Dataset extract ::
● ● ●

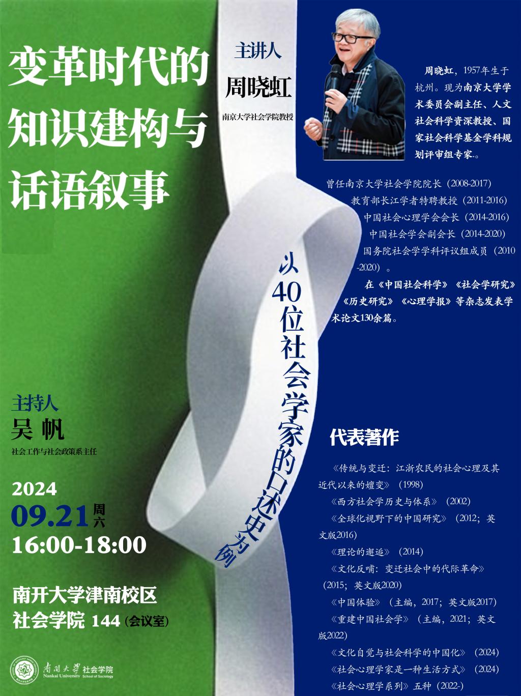 讲座主题:变革时代的知识建构与话语叙事——以40位社会学家的口述史为例
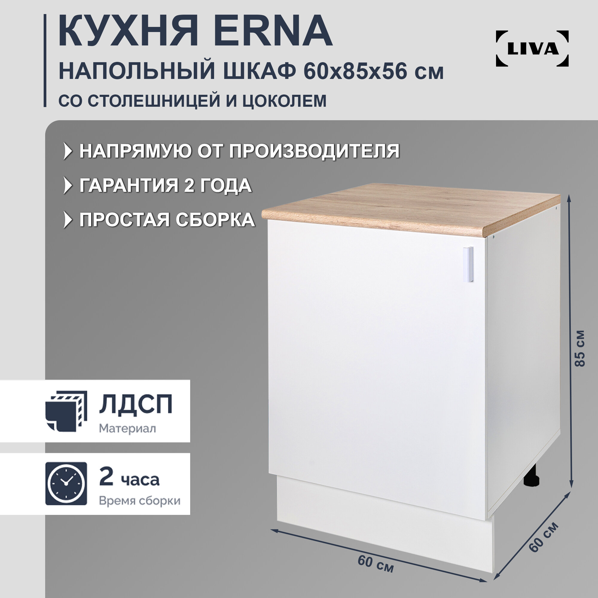 Шкаф кухонный напольный Erna 60х85х56, LIVA интересное:
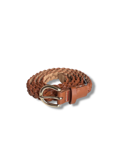 Cinturón Dúo Tommy H camel/trenza placa dorada y negro liso placa plateada
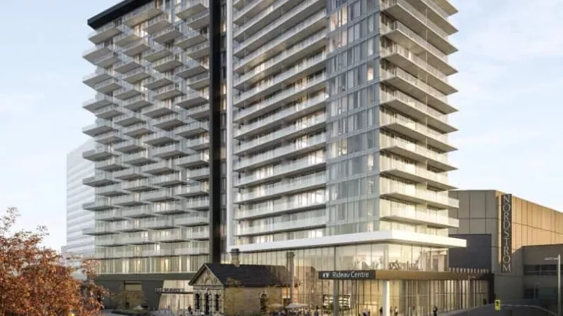 Designed by Toronto-based Zeidler and Montreal’s Neuf architects, the proposed highrise would include 280 apartment suites in a mix of one- and two-bedroom units as well as about 2,500 square feet of ground-floor retail space. An enclosed pedestrian walkway would connect the building to the Rideau Centre.
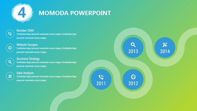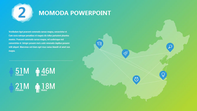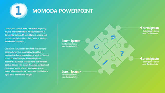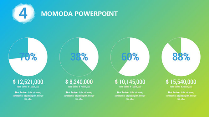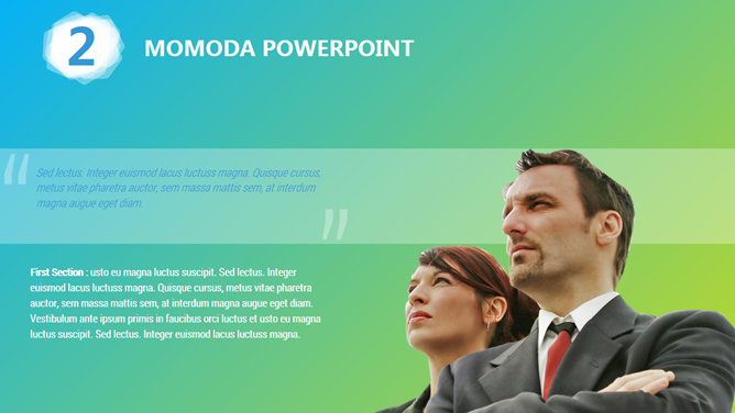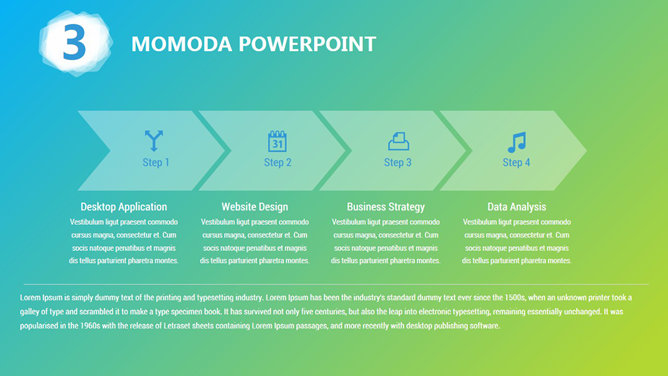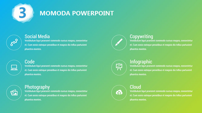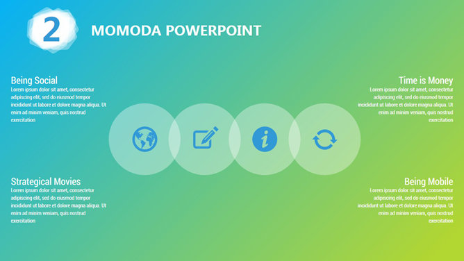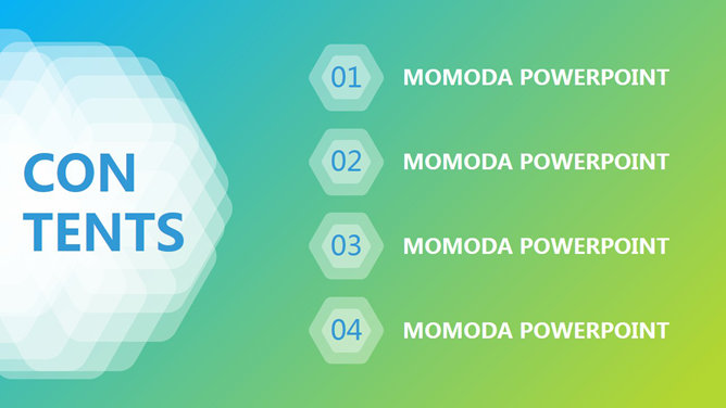 精美苹果风格多用途PPT模板。一份多功能多用途幻灯片模板,采用蓝绿渐变背景,白色字体及半透明图形元素,精美时尚,能胜任多种场合。所用字体:Roboto condensed light。

● ● ●

Problem details :: Would you transcribe all of the entries above exactly, minus the images?

Solution to this exercise ::
 讲座主题:变革时代的知识建构与话语叙事——以40位社会学家的口述史为例
 Шкаф кухонный напольный Erna 60х85х56, LIVA интересное:
 Cinturón Dúo Tommy H camel/trenza placa dorada y negro liso placa plateada
 Designed by Toronto-based Zeidler and Montreal’s Neuf architects, the proposed highrise would include 280 apartment suites in a mix of one- and two-bedroom units as well as about 2,500 square feet of ground-floor retail space. An enclosed pedestrian walkway would connect the building to the Rideau Centre.
 精美苹果风格多用途PPT模板。一份多功能多用途幻灯片模板,采用蓝绿渐变背景,白色字体及半透明图形元素,精美时尚,能胜任多种场合。所用字体:Roboto condensed light。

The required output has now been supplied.